With a curse, Brice was out of bed and tossing his shirt over his head and rolling into his kilt before Eleanor had a chance to slide out of bed. The call came from the bailey, and she could hear a confusion of noises from outside.

“Who is it?” she asked, rubbing the sleep from her eyes. They’d been asleep only a few hours. It didn’t seem like nearly long enough.

“Stay up here until I know who it is,” Brice said as he strapped on his broadsword. He was out the door before she could nod.

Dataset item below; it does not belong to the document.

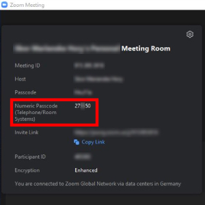 Heslo, se kterým se někdo může připojit k přenosu je na řádku s popiskem: Numeric Passcode (Telephone/Room Systems) - (červeně zvýrazněno).

Quickly she grabbed the first thing that came to hand, which happened to be one of Brice’s shirts hanging on the back of a chair. It came to his knees when he wore it, as was the custom in Scotland. On her it came to mid-shin, and the sleeves were well past her fingertips.

She passed through the connecting door to her chambers and looked out her window above the bailey. Brice was already down there, ready to face the approaching riders, Lachlan beside him and his men behind him. All were fully attired with their weaponry. The sight made Eleanor shudder. They were always ready to defend themselves here in the Highlands, trusting few people.

The riders came through the portcullis and Brice stepped forward to greet them, Lachlan at his back, his hand on the hilt of his broadsword. Very quickly Brice, Lachlan, and the other men relaxed their stance. Upon closer inspection, Eleanor thought she recognized the colors of the visitors’ kilts, but she couldn’t place whom they belonged to.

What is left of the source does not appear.